A backlash to the backlash
Nov 27, 2013, 7:34 AM | Updated: 12:34 pm
(AP Photo/U.S. Department of Health and Human Services, File)
I’m starting to see more news stories documenting a strange phenomenon – positive Obamacare anecdotes.
It seems to be a backlash to the backlash.
For example, on CNN, “Today Kate and Justin Leeper aren’t insured. Come January 1st, that will change.”
And what followed was a story about a woman who changed jobs and lost her insurance, and her husband, who has a pre-existing condition that no doctor has been able to diagnose.

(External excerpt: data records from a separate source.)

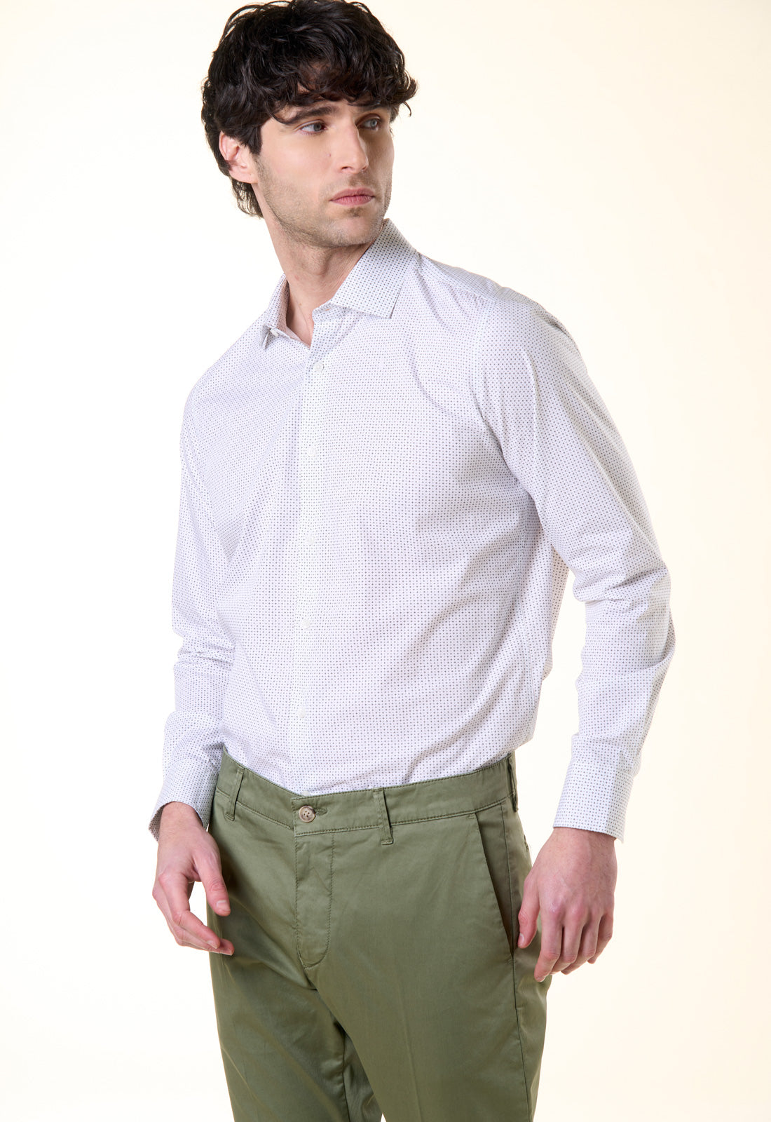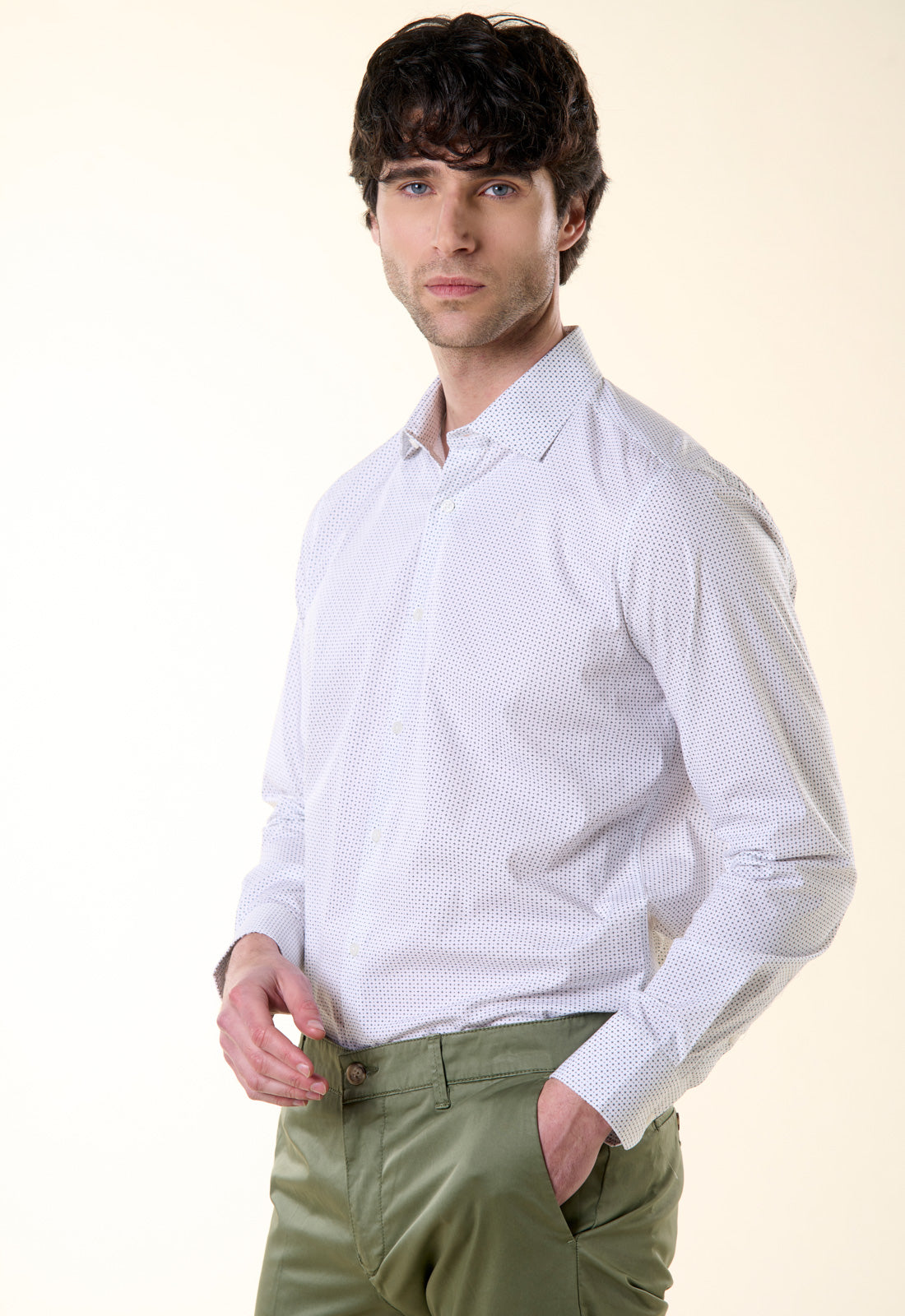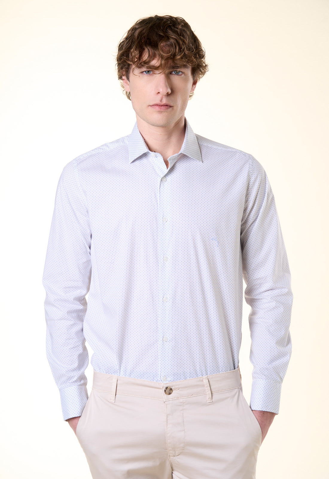 It combines precision tailoring and a contemporary graphic design. This shirt stands out for its delicate micro-pattern of small crosses, which creates an optical illusion of depth and a sophisticated visual texture. Perfect for those seeking a modern alternative to the classic solid-color shirt, without sacrificing formality. Slim Fit: A slim, tailored cut that flatters the figure, ensuring a clean line under blazers and jackets.
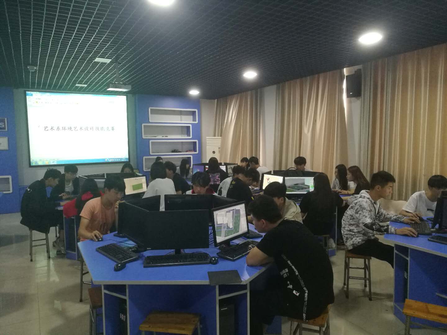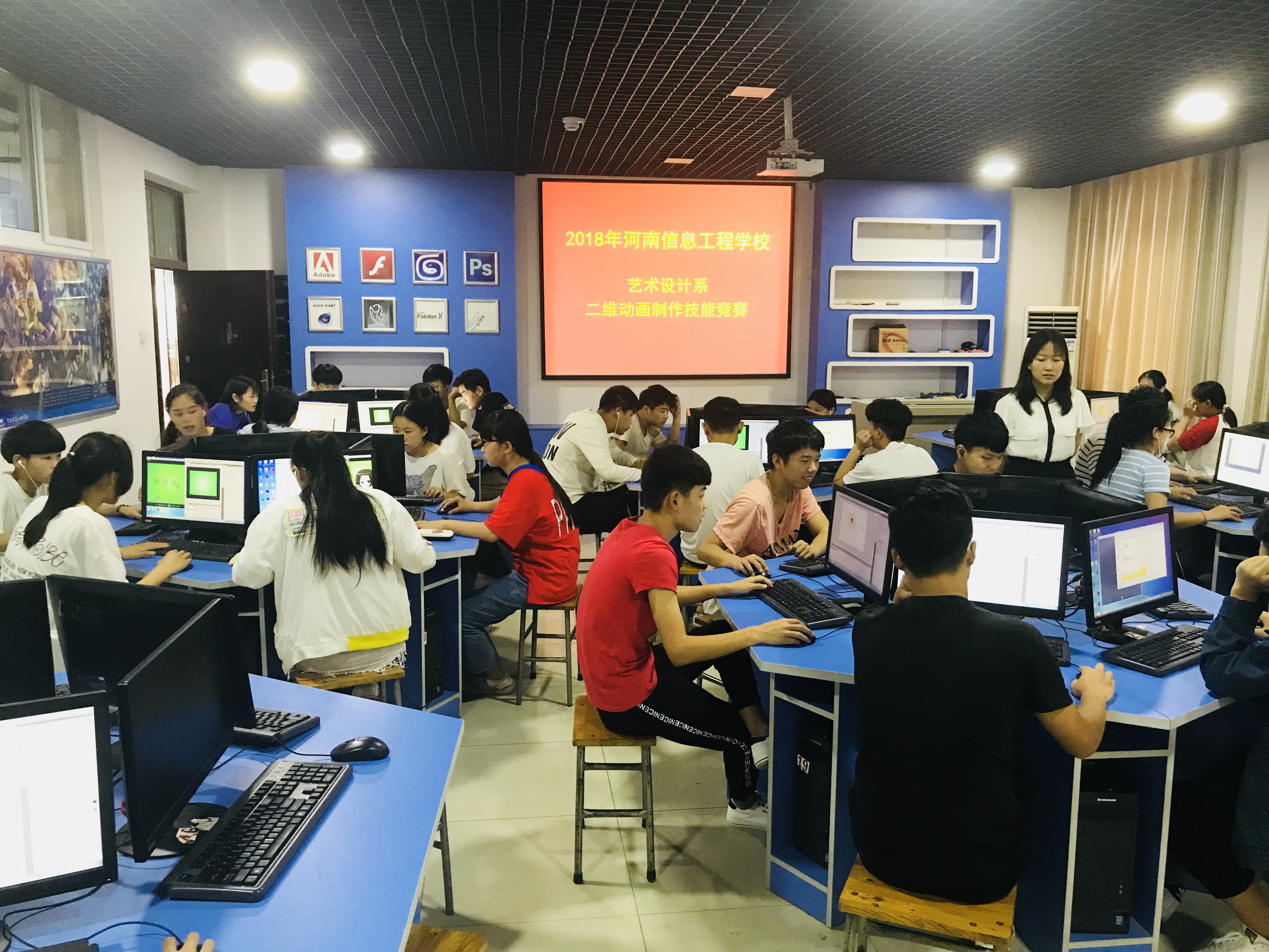 艺术设计系于5月18日(周五)下午2:30-17:30在综合实训楼1楼、2楼和5楼机房举行了2018年全校技能竞赛的第2场比赛,竞赛项目有图形设计与制作、CAD室内设计效果图、二维动画制作。我系2017级学生全体参与,其中17级1--4班参与了图形设计与制作的比赛,17级5班参与了二维动画制作的比赛,17级6、7班参与了CAD室内设计效果图的比赛,比赛总人数为300余人。学校和我系对此次竞赛活动高度重视,我系所有教职工全员参与此次竞赛活动,活动组织得力,学生参与的积极性也很高涨,取得了活动的预期目标。至此,我系2018年度技能竞赛活动圆满结束。
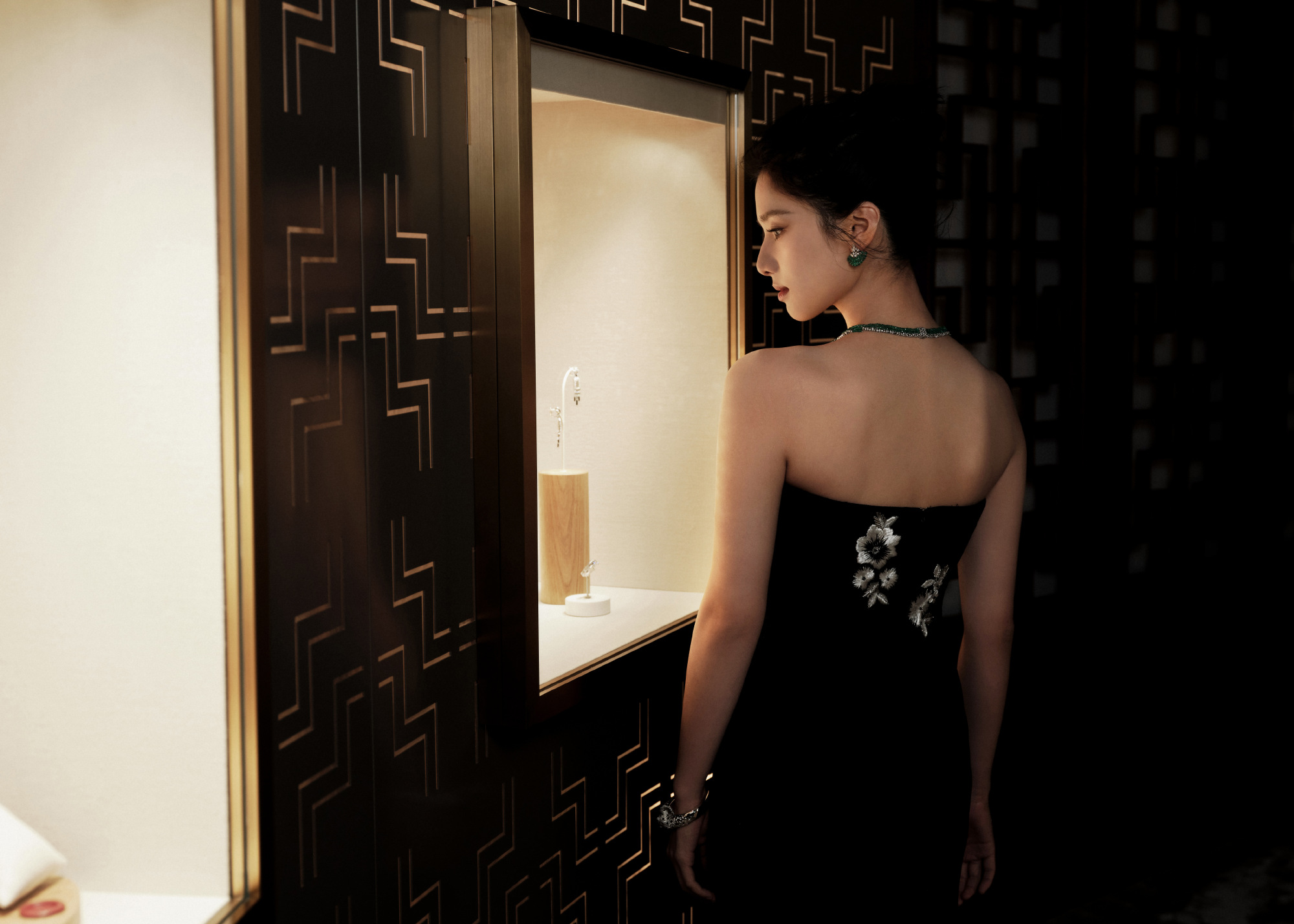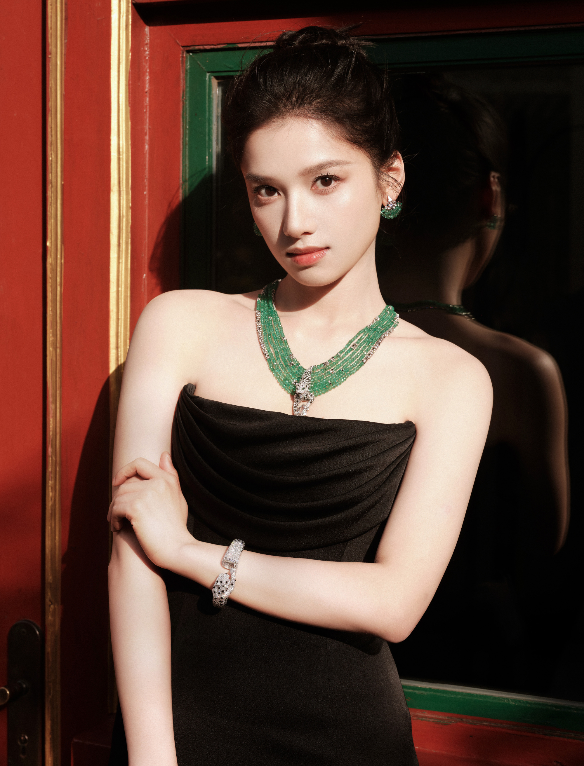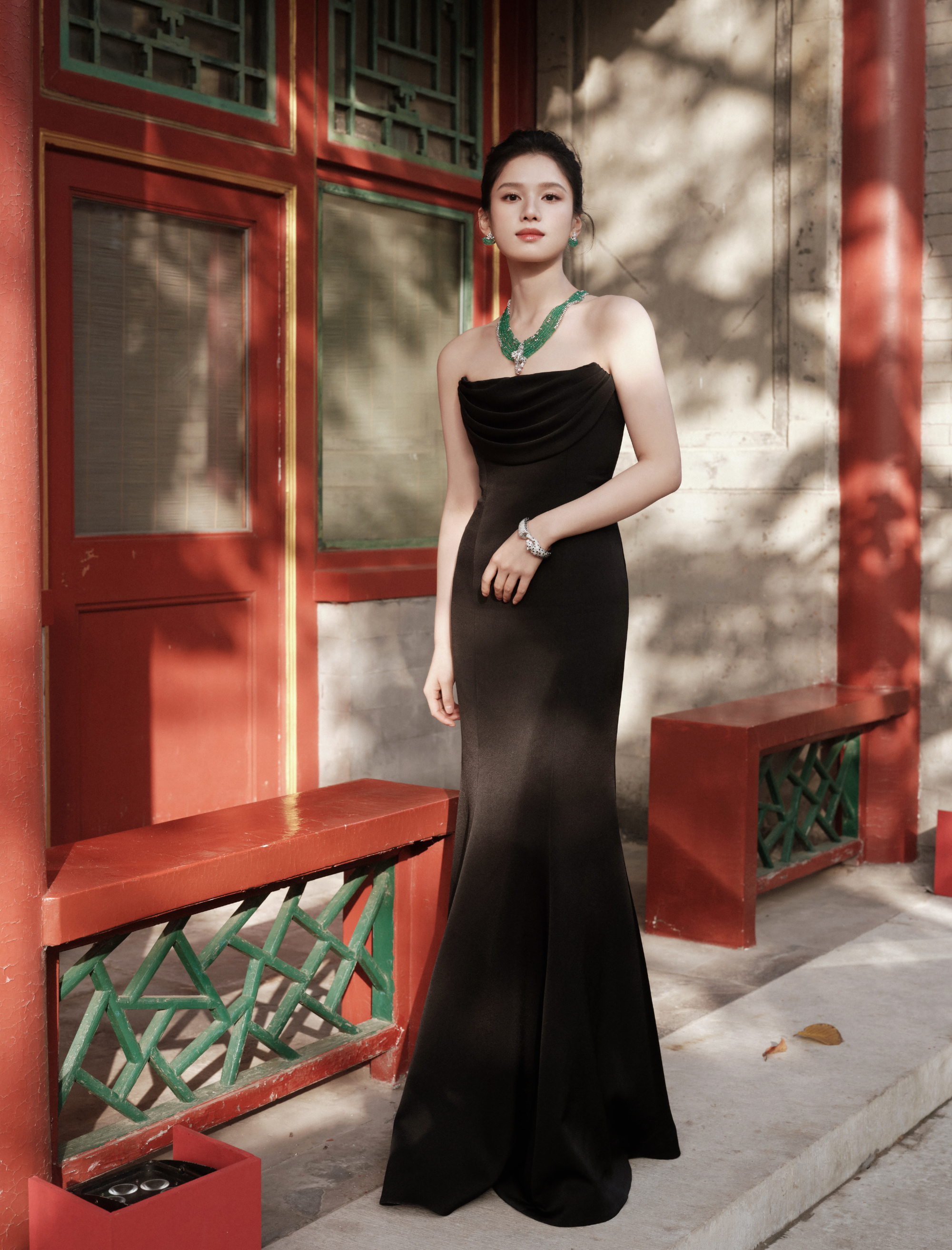 张婧仪纯黑抹胸连衣裙,高雅又迷人

They went to California’s health care website and not only did the website not crash it hooked them up with an affordable policy.
“What’s it going to cost you?” asked the reporter.
“About $500 less than that,” she responded. “For both of us.”
Then, in the LA Times, there was the story of a married gay couple who had been paying more than $1,300 a month but again on the California website, even though they had pre-existing conditions, they found a plan that will cost them, after the subsidy, $142 a month.
So what does this tell us, besides move to California?
I don’t think it’s due to a sudden re-infatuation with the president, judging from his poll numbers.
I think it may just be that once people manage to hack their way through the website, many of them are finding an affordable policy that covers just about everything and can’t be taken away just because they get sick.
There are millions of people who are angry after filling out the same application 40 times. But there’s a reason they keep trying. Because once they survive the hazing and get that policy, they’ll have that little card that no one can take away.